Hinckley 42 Competition

Development
- Designer: McCurdy & Rhodes
- Location: United States
- Year: 1982
- Builder: Hinckley Yachts
- Role: Racer
- Name: Hinckley 42 Competition

Boat
- Displacement: 21,500 lb (9,752 kg)
- Draft: 7.30 ft (2.23 m)

Hull
- Type: monohull
- Construction: fiberglass
- LOA: 42.00 ft (12.80 m)
- LWL: 32.00 ft (9.75 m)
- Beam: 12.20 ft (3.72 m)
- Engine: inboard engine

Hull appendages
- Keel: fin keel
- Rudder: internally-mounted spade-type rudder

Rig
- Rig type: Bermuda rig
- I foretriangle height: 57.80 ft (17.62 m)
- J foretriangle base: 17.80 ft (5.43 m)
- P mainsail luff: 50.80 ft (15.48 m)
- E mainsail foot: 16.00 ft (4.88 m)

Sails
- Sailplan: masthead sloop
- Mainsail area: 406.40 sq ft (37.756 m^{2})
- Jib/genoa area: 514.42 sq ft (47.791 m^{2})
- Total sail area: 920.82 sq ft (85.547 m^{2})
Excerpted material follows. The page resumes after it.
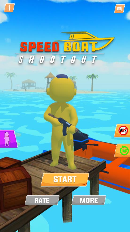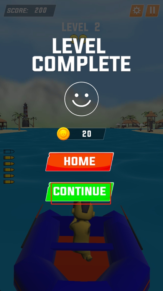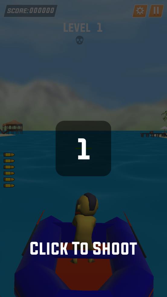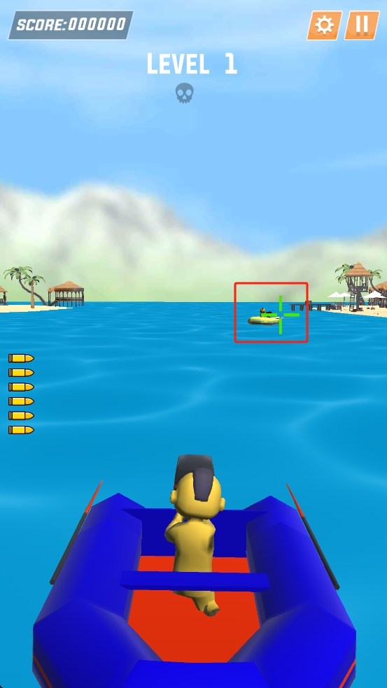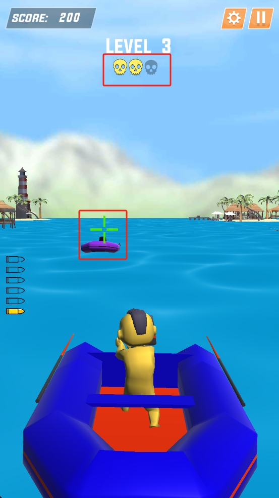1、开局我们操控角色乘蓝色小船,瞄准远处黄色小艇,利用左侧子弹,点击射击目标,避开海域的障碍。

= Hinckley 42 Competition =

Sailboat class

The Hinckley 42 Competition is an American sailboat that was designed by McCurdy & Rhodes as a racer and first built in 1982.

The Hinckley 42 Competition is a development of the Sou'wester 42/43, also a McCurdy & Rhodes design.

==Production==
The design was built by Hinckley Yachts in Southwest Harbor, Maine, United States, starting in 1982, but it is now out of production.

==Design==
The Hinckley 42 Competition is a racing keelboat, built predominantly of fiberglass. It has a masthead sloop rig, an internally mounted spade-type rudder and a fixed fin keel. It displaces 21500 lb.

The boat has a draft of 7.30 ft with the standard keel and a hull speed of 7.58 kn.